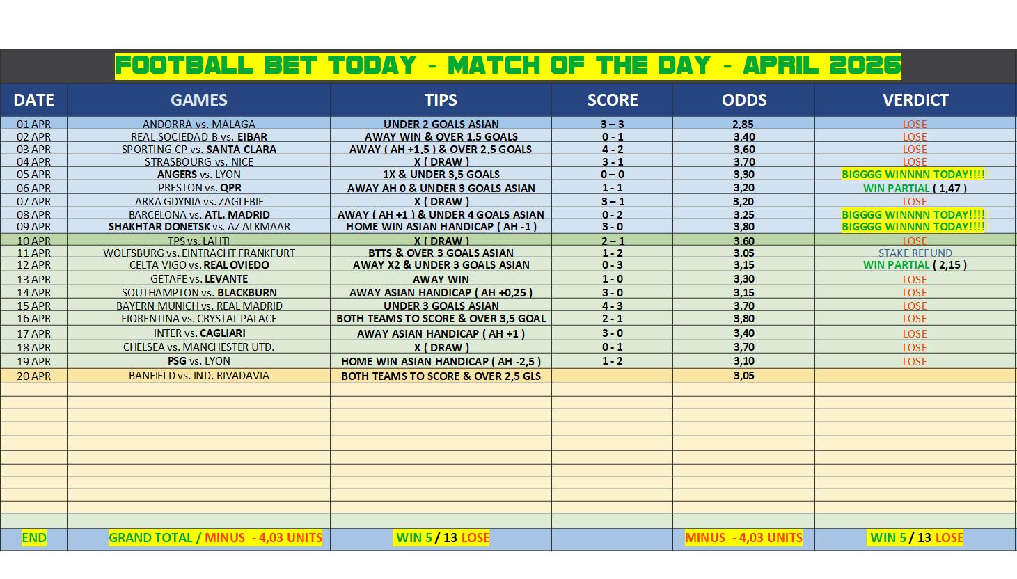 🥁🥁 🏁 MATCH OF THE DAY 🏁 🥁🥁
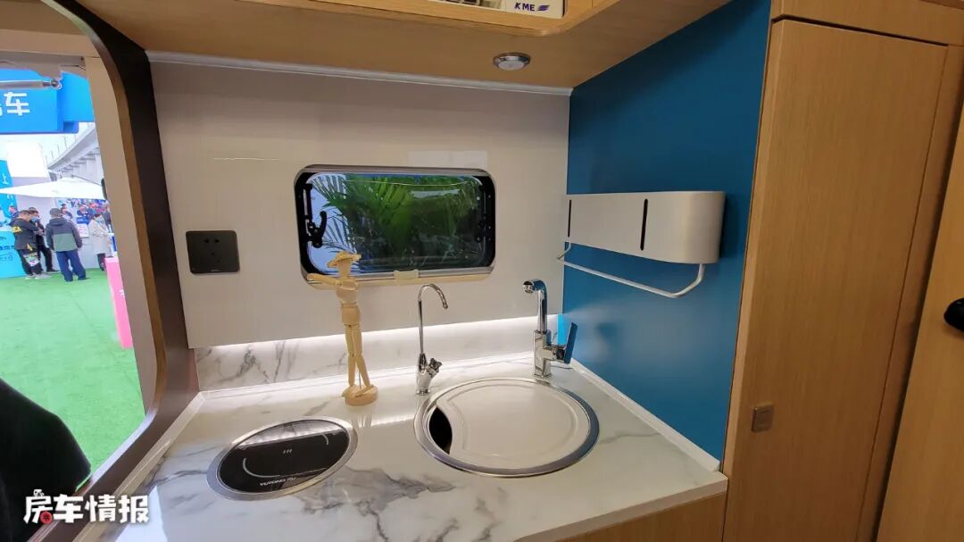 乘客门后方为全车的厨房区,整体的布局设计还是比较主流化的,台面上提供了电磁炉和不锈钢洗菜池,同时还提供了直饮水功能,更适合有小朋友的家庭使用。而全车的微波炉是被安放在了厨房区后方储物柜的上方。
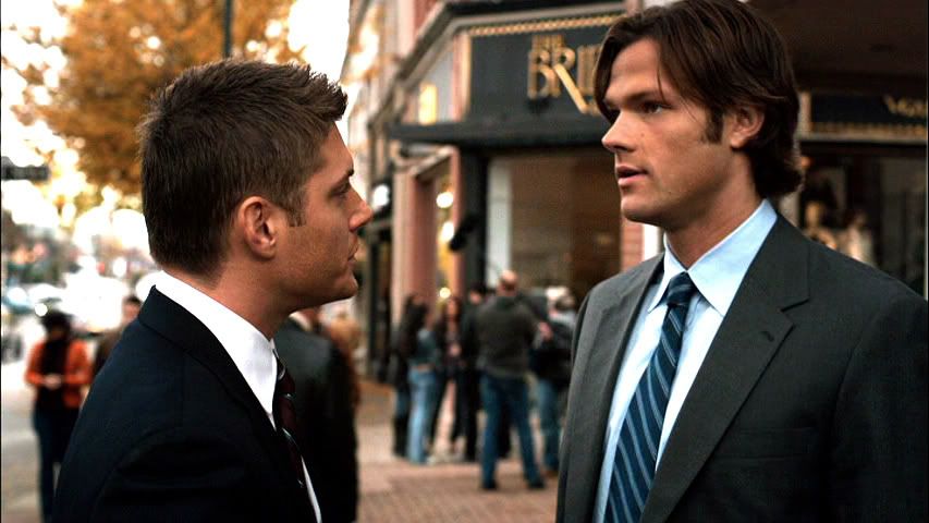Looks like Sam's about to give a classic eye-roll here. Sort of how I feel about last night's episode. Meanwhile I'll be over here drooling over Dean's profile and hair. *g*
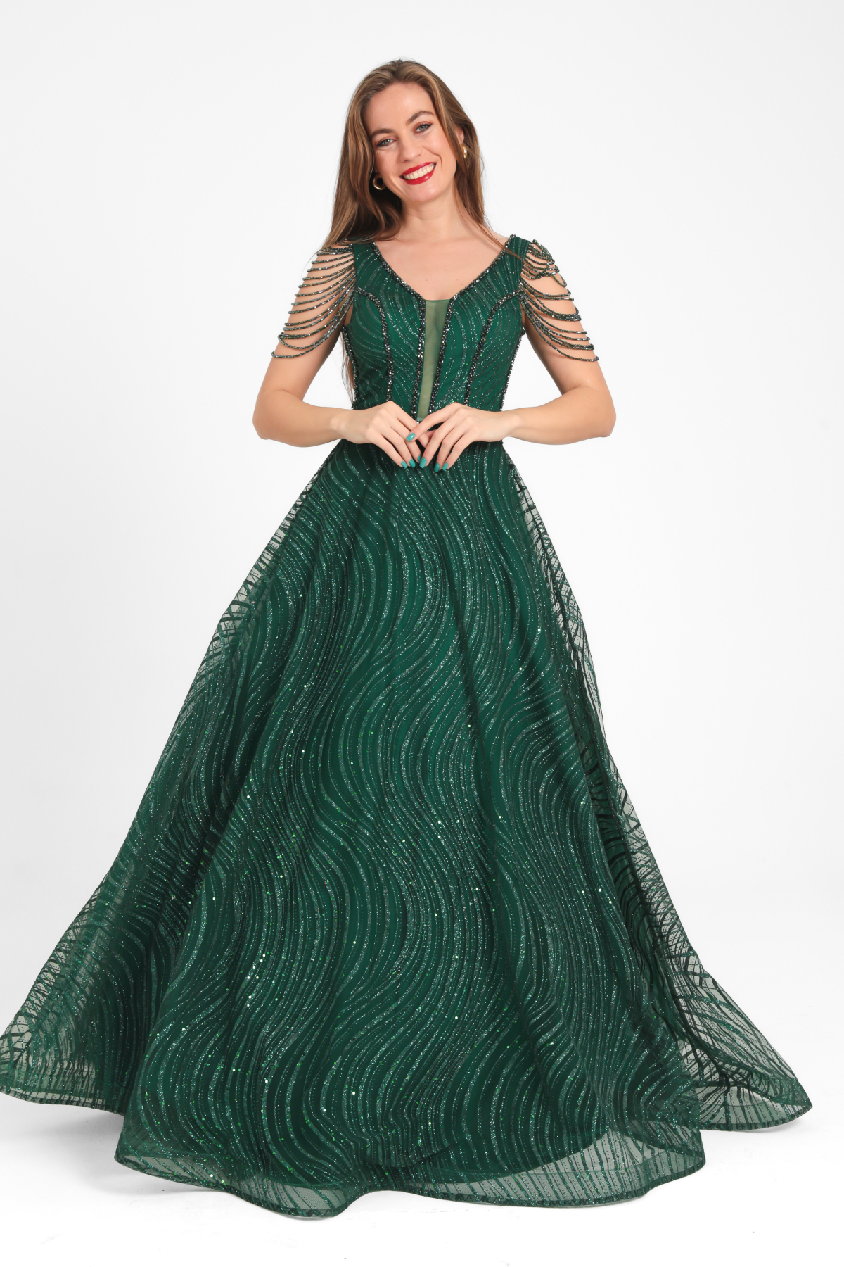 Hüseyin Baştürk Dalgasal Desenli İşlemeli Elbise Özellikleri
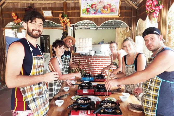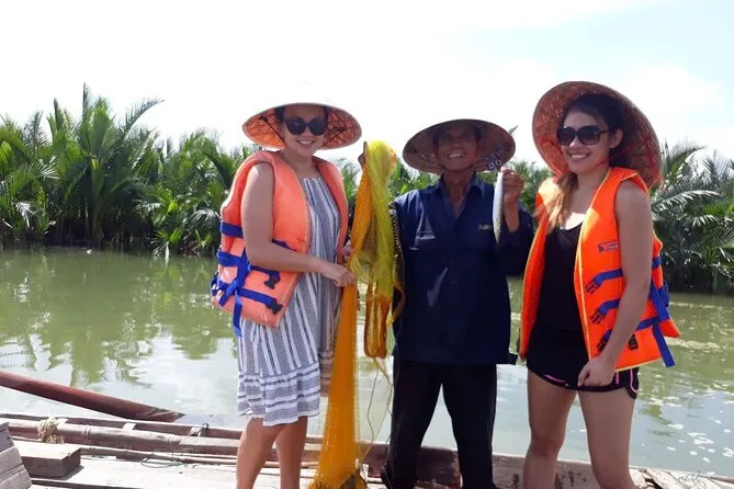 Seu dia inclui transporte de ida e volta no hotel em Hoi An, todas as entradas para explorar a floresta de coqueiros de barco cesto (com coletes salva-vidas), pesca prática com moradores locais, aula interativa de culinária vietnamita com chefs simpáticos (com opções vegetarianas), além de uma refeição completa com o que você preparou e chá ou água antes do retorno ao hotel.
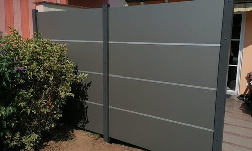 HPL Sichtschutz Typ 1.2 Steingrau und Mint mit Aluminiumpfosten vierkant in Bodenhülse |
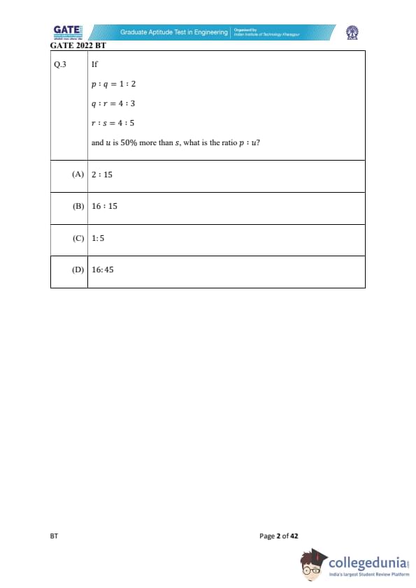 - GATE 2022 BT asked both MCQs and NATs. It was held online via CBT mode
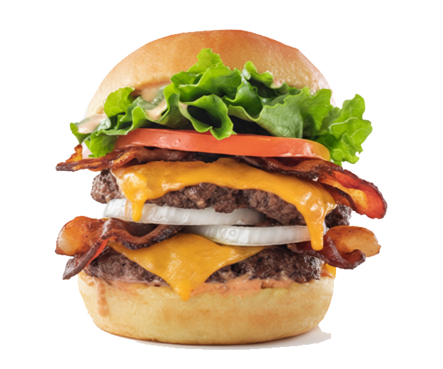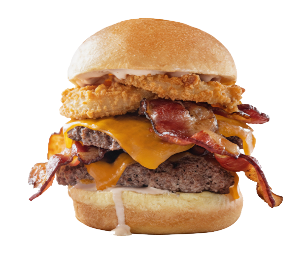 Double burger blastoff! Two Beef patties are grilled to perfection and topped with cheddar cheese,Bacon, lettuce, tomato, sliced onion and our homemade Special Sauce.
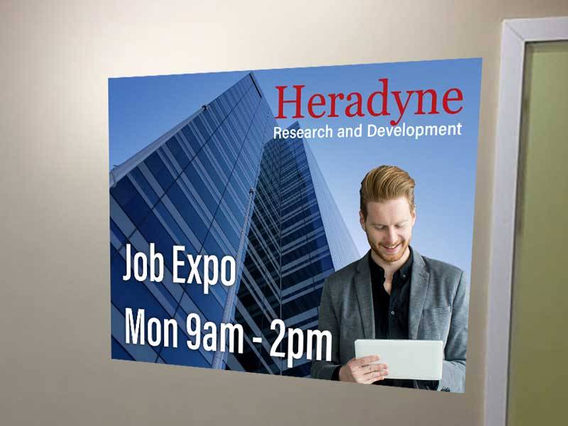 EZ STIK™ Smooth is printed digital direct in full color providing vibrant photo-realistic images that make your messages attractive and visually engaging. From small decals to large posters, graphics can be square cut or die cut into almost any shape adding character to your unique presentation.
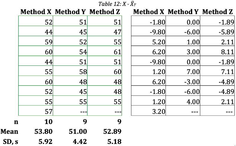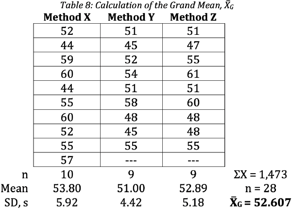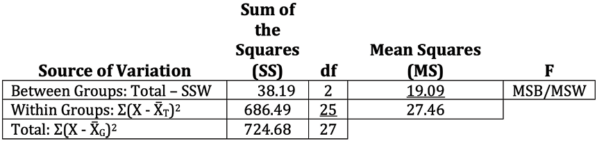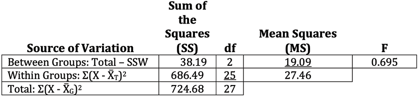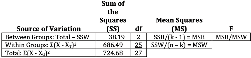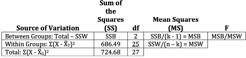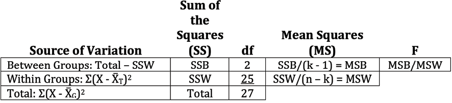 Here are the steps to construct an ANOVA table by hand. This is the kind of test typically presented in introductory textbooks. We will, however, supplement our calculation with Excel, G*Power, and online power calculators. We will find that performing the relatively small number of calculations for this example time consuming. In addition, this test will lack sufficient statistical power.
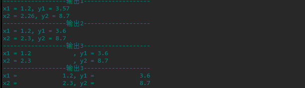 x1, y1 = 1.2, 3.57 x2, y2 = 2.26, 8.7 print('{:-^40}'.format('输出1')) print('x1 = {}, y1 = {}'.format(x1, y1)) print('x2 = {}, y2 = {}'.format(x2, y2)) print('{:-^40}'.format('输出2')) print('x1 = {:.1f}, y1 = {:.1f}'.format(x1, y1)) print('x2 = {:.1f}, y2 = {:.1f}'.format(x2, y2)) print('{:-^40}'.format('输出3')) print('x1 = {:<15.1f}, y1 = {:<15.1f}'.format(x1, y1)) print('x2 = {:<15.1f}, y2 = {:<15.1f}'.format(x2, y2)) print('{:-^40}'.format('输出3')) print('x1 = {:>15.1f}, y1 = {:>15.1f}'.format(x1, y1)) print('x2 = {:>15.1f}, y2 = {:>15.1f}'.format(x2, y2))

### TASK BRIEF
Starting at the first line of the records above, set down each line exactly through the one that holds "Hüseyin Baştürk Dalgasal". Omit pictures.

### TASK RESPONSE
 🥁🥁 🏁 MATCH OF THE DAY 🏁 🥁🥁
 乘客门后方为全车的厨房区,整体的布局设计还是比较主流化的,台面上提供了电磁炉和不锈钢洗菜池,同时还提供了直饮水功能,更适合有小朋友的家庭使用。而全车的微波炉是被安放在了厨房区后方储物柜的上方。
Looks like Sam's about to give a classic eye-roll here. Sort of how I feel about last night's episode. Meanwhile I'll be over here drooling over Dean's profile and hair. *g*
 Hüseyin Baştürk Dalgasal Desenli İşlemeli Elbise Özellikleri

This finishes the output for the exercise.